As you go through training flags, your attempts are tracked. If everyone quickly and consistently passes a flag, it may be marked as easy. Like a bell curve, if some users start struggling on a flag, it may creep up to MEDIUM. If the majority of users struggle, it might reach HARD.

This difficulty gauge gives each challenge a 1-10 rating. This is the value that fluctuates over time, giving you a perspective on your peers.

Through this design, we've created a pair of proof-of-concept training programs we think contain the blueprint for solving the cybersecurity problem.

The first program is called Introduction and is free and contains 7 courses and around two-dozen challenges. It teaches you how to get the most out of your Operator instance.

The second program, accessible in the Professional license and called ATT&CK Procedures, contains courses for each tactic on the ATT&CK matrix and challenges for (most of the) procedures you have loaded in your Operator. Each challenge breaks down the commands within the procedure, teaches you why they're important, how a hacker thinks about it, how to detect and respond to it and walks you through running it and analyzing the result.

The Pink Badge training program is a brand-new concept in the world of cybersecurity education. This program, utilizing the structure of our normal programs, is a 5-week course on introductory red team skills. Each week has a recorded lecture and 3-8 hours of homework. By the end of the class, students will be capable of running basic security assessments at their organizations. This program is geared toward technical - but not security - practitioners.

Solving the problem

Now, how can we solve the cybersecurity problem?
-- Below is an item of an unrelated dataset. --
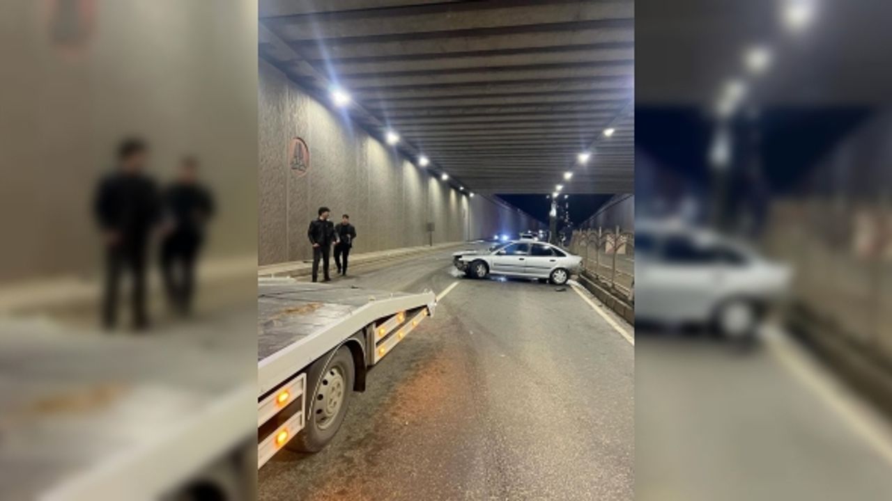 Elazığ’da alt geçitte sürücüsünün direksiyon hakimiyetini kaybettiği otomobil, refüje çarparak durabildi.

As we described earlier, the cybersecurity education problem boils down to these four problem statements:

  • It is artificially difficult to enter the industry.

  • Learning what to learn is the hardest part of the job.
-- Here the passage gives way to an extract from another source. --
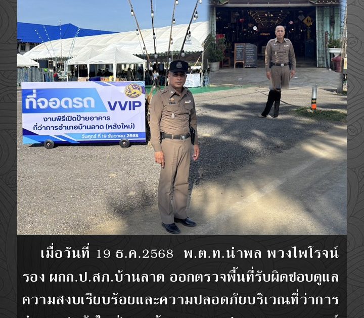 พ.ต.ท.นำพล พวงไพโรจน์ รอง ผกก.ป.สภ.บ้านลาด ออกตรวจพื้นที่รับผิดชอบดูแลความสงบเรียบร้อยและความปลอดภัย เมื่อวันที่ 19 ธ.ค.2568

  • The majority of red (offense) and blue (defense) cybersecurity workers don’t know how to code.

  • None of the existing education options in the industry satisfy the combination of being fast-moving and comprehensive.

Within the Operator training design, we are hoping to solve these statements by:

  • Giving free access to the most realistic red team tool on the market, bundled with various free training programs to make it easier for people to break into the security industry.
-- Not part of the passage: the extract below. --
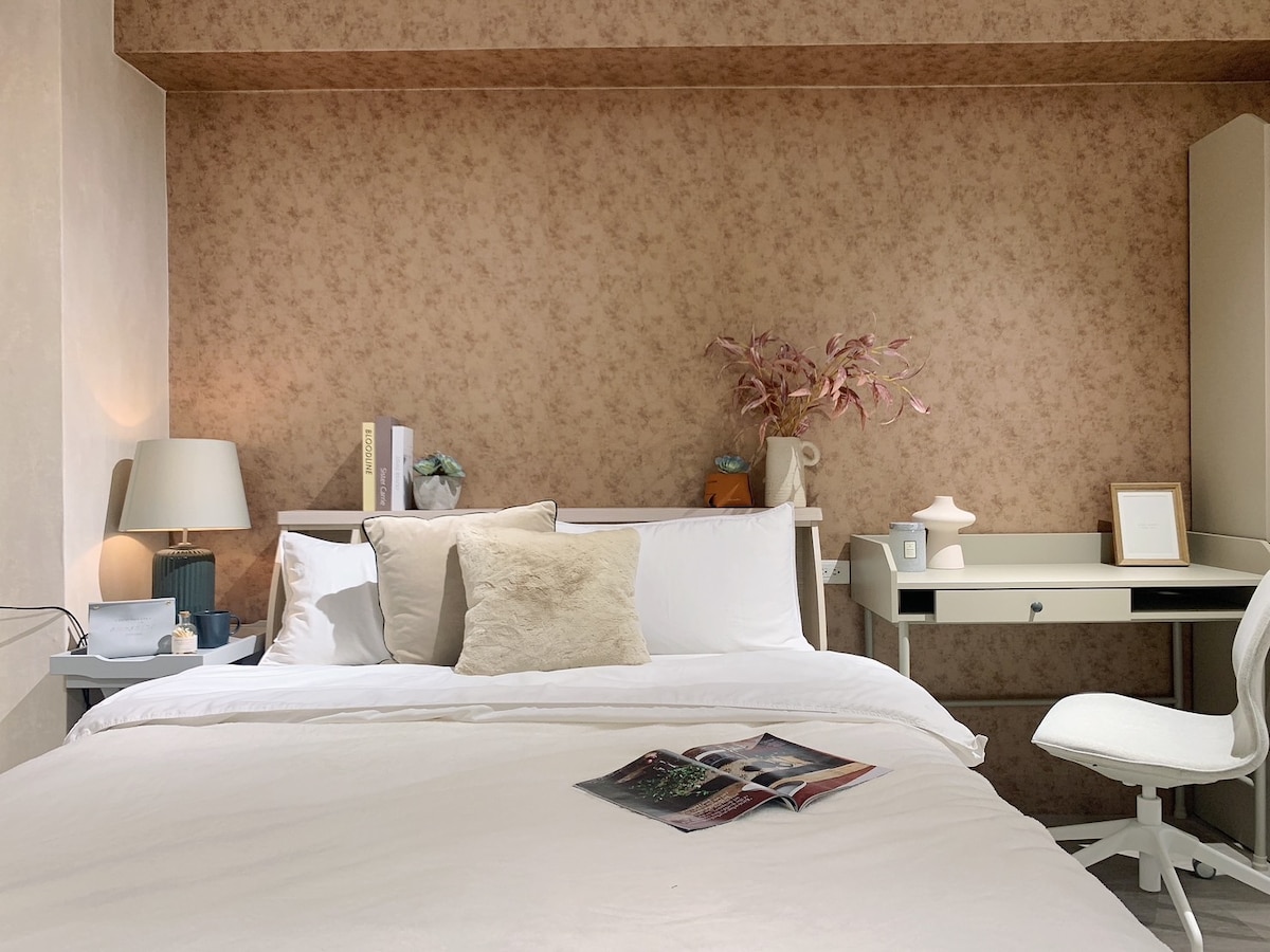 室內的灰白主色,配搭北美木紋銅色傢俱及家飾, 用心為您的居住空間提供沈靜優雅的感覺。日韓系電器的選用,不論是無線充電藍牙喇叭,大螢幕伸縮高清電視,都能滿足您對影音效果的要求。房源位於高樓內縮樓層,阻絕不必要的噪音並滿足您對景觀,安靜及隱私的要求。大樓並配有全天候警衛,住戶專屬電梯,公用大露台,以及地下收費停車場, 位處西門町核心路段,無論搭乘捷運或自駕都非常方便。Earth tone- based interior design offers warming, calm, healing and delighted atmosphere. Room facilities, including double bed, en- suite bathroom with shower enclosure, air conditioning, smart 4K TV with movies/Netflix, WIFI internet, cove lighting and music player with wireless connection & USB charger ports.

  • By leveraging the experience of the Prelude development & security teams, we are building training modules covering what people in various security roles need to know. We want to cut down on the enormous amount of noise and filter down to what you actually need to know.

  • We plan on releasing programs to teach you the ins-and-outs of areas like software engineering principles and system administration. These, in combination with how our ATT&CK program breaks down attacks for you, will start building up the coding abilities of those in security roles.

  • We (literally) bring training to your desktop, by making it accessible within your Operator instance, not a static website on the internet. We believe this focus on bringing training to you and making it an ongoing learning experience is essential for applied education.


As we continue building training modules, both within our existing programs and new ones, we hope you connect with us and let us know how it's going.

At Prelude, we hope to stand out by building tools for those with "boots-on-the-ground." We're not in the business of hooking you into expensive certification programs which don't help your bottom line. Instead, we're focused on solving the greater cybersecurity problem. And this can only be done by coordinating with those like you: the ones doing the actual security.